I got what I thought was a mutt about a year ago. Turned out to be a Plott hound. Good natural camo coat( brindle with some white). They use em to hunt bear and boar. Smart, great nose, ears and eyes. Only get to be around 60 or so lbs, but it's all muscle. With the hound bawl and chop bark to boot. I understand each dog can be different, but she is a natural protector, hunter, and follows me through some dense woods without problem. Everything I want in a dog without a budget breaking appetite.


----------



## pandamonium (Feb 6, 2011)

If you like BIG dogs, an Anatolian Shepard is an awesome dog. Loyal, highly protective, intelligent.


----------



## bahramthered (Mar 10, 2012)

I vote lab. 

They're smart, loyal, intelligent and take work as a game. A game they play very seriously with grins. 

They're not the most aggressive of dogs, and can lose a fight to fighting dogs. So? They're all a rounders who do most things well, be it guard duty, hunting/retreiving, or keeping your 4y kid from the lake. Personally I think with their intelligence, temperament, and willingness to adapt you can not have an better all all rounder. And isn't that better than a critter who just does one thing to perfection? 

-I'm biased. A certain lab mix is credited with saving my life life when I was 4, no less than 3 times by my mom. I think 2 of those might be exaggerated (dragging me away from the road? where their actual cars coming?) but I can not dispute that he kept me from examining that snake that rattled. 

Years later a different one just proved to me that labs are where it's at.


----------



## Wellrounded (Sep 25, 2011)

We have a pack of sight hounds, a few livestock guardian dogs and sheep/cattle dogs. All fill a need, the sheep dogs can bring the livestock into the home paddock in minutes, the livestock guardians look after everything on the farm and the sight hounds will bring down anything I point at. If we had to keep things quiet here the livestock guardians would probably have to go as they are just too loud.


----------



## Tweto (Nov 26, 2011)

I could recommend Golden Retrievers, scary smart, and very good at hunting, protection, and family life. A life time with dogs, I have learned that all dogs have individual personalities and some training will be required to sharpen their skills.

Another excellent dog is the German Shepard, very tough, perfect for training for protection and attack but not the best family dog.

What everyone is saying about Labs is true, another good choice. Just a note, the meanest, toughest dog that I have ever meet was a Black Lab named "Popeye".

Stay away from small dogs, most small dogs are good at alerting, but would not survive long.

After TEOTWAWKI, I would adopt stray dogs. A dog pack would be almost perfect for any need.


----------



## BlackParacord (Jul 23, 2012)

Giant Schnauzer. Family friendly, fiercely protective of children in particular, and scary as heck when they are angry. They will take down a fully grown, fully armed man without blinking an eye if they have been trained properly...but still be gentle enough to give your toddler a ride on their back. 

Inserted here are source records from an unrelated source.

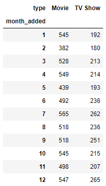netflix_month = netflix.groupby('month_added')['type'].value_counts().unstack()
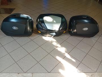 vendo il trittico completo,,per cambio tipologia di moto. Inoltre aggiungo telaietti e piastra per il bauletto, naturalmente quest'ultimi sono esclusivamente per IL STROM DL 1000,
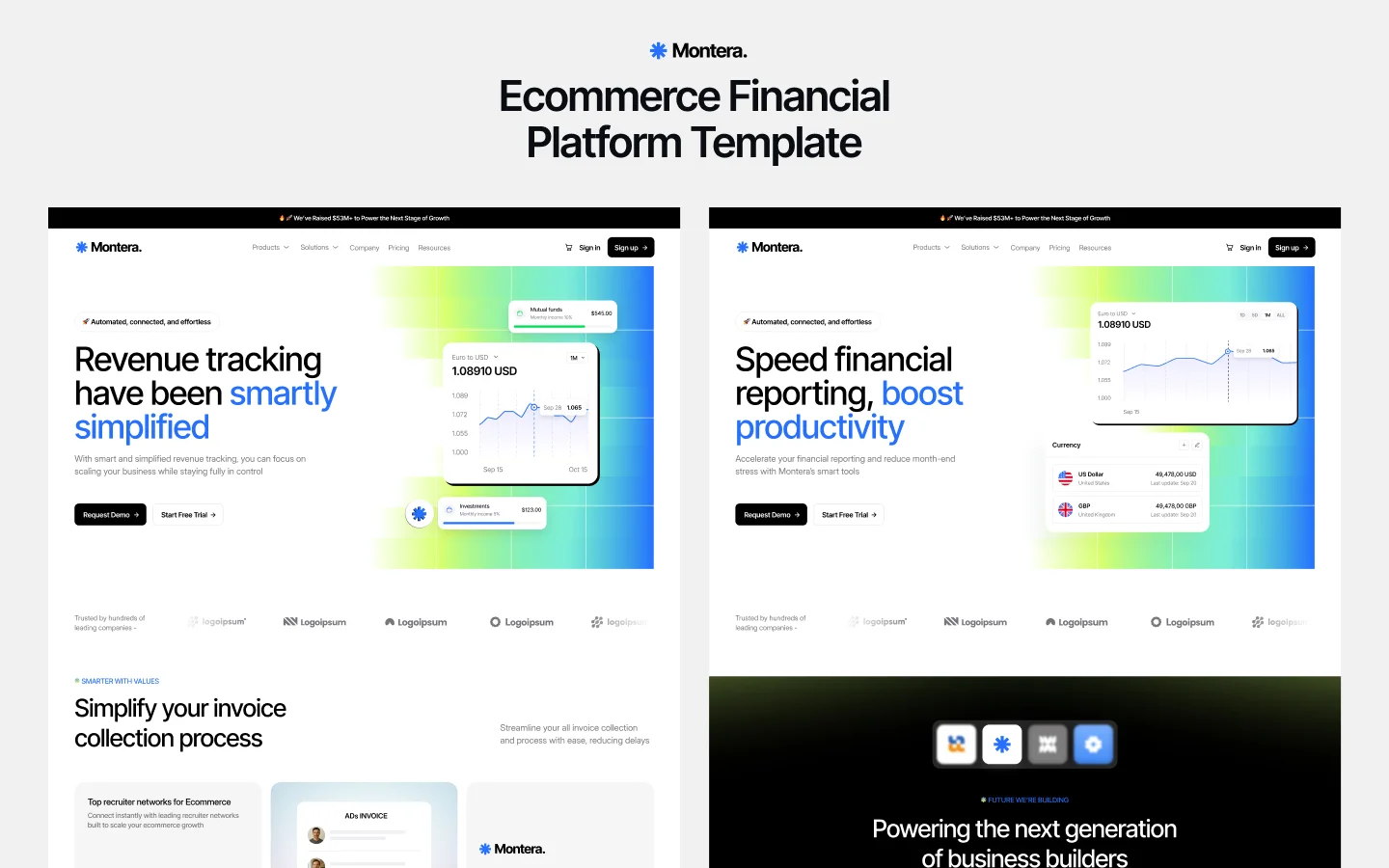 Mmontera is a modern Finance SaaS Webflow template built for fintech startups, payment platforms, and financial software. Present features, pricing, security, and integrations with a clean, conversion-focused design.

G.S.'s are hypo-allergenic in case sudden dog allergies develop (not unheard of in some people), energetic, and capable of pulling a cart behind them. They don't hunt game, but they were bred from stock that was designed to catch rodents, which I imagine will be a concern post SHTF for most people. They typically love water, are easy to breed if you should so choose, are incredibly intelligent, and usually do not pick one person out of a family to protect like some dog breeds do (so they will be loyal to the whole family until death).

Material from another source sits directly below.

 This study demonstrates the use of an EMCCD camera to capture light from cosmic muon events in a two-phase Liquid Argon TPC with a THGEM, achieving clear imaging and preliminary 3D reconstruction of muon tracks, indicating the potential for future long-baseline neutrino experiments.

Downsides? Hip dysplasia can run in the lines, as can anxiety and other emotional disorders. Choose carefully. Cost is another downside unless one is prepared to spend $500-$1000 a pop for a pup, and the same amount every year to feed and care for it.

Alternatives: German shepherd or standard poodle (another hypo-allergenic dog), both of which are frequently bred as top-of-the-line guard dogs. Rottweiler, Doberman, or Stafordshire (pit bull), because of the stigma and the likelihood of them scaring off potential thieves. One of many hunting dogs, specifically for that purpose. Newfoundland.

I would say mastiff, but they are huge and expensive to feed, and actually a lot nicer than people give them credit for...but their size alone makes a nice crime deterrent!


----------



## Woody (Nov 11, 2008)

I’m a bit biased as I have only had black labs but they get my vote anyway. They do come in three flavors, vanilla, chocolate and black. Can’t beat a dog whose only goal in life is to make you happy. Sure, everything is a toy, but when it comes down to it they look at you and ask ‘ok, what do you want me to do?????’ Then they do it without question.

Get a good field stock lab, not one of those fat headed, short show dogs. Strong, immune to pain, intelligent, invisible at night, protective, big dog bark, they have it all.

There are a few drawbacks though, for some folks. Water? They love it. Mud? Love that too. Dead things? They are for rolling in before you eat it. Drinking problems? Yes, half of what they drink drools back out. They do need a lot of attention, YOU are their world. They do need a lot of exercise or they can be mighty destructive. My current gal is an energetic gross disgusting nasty little creature but I love her anyway.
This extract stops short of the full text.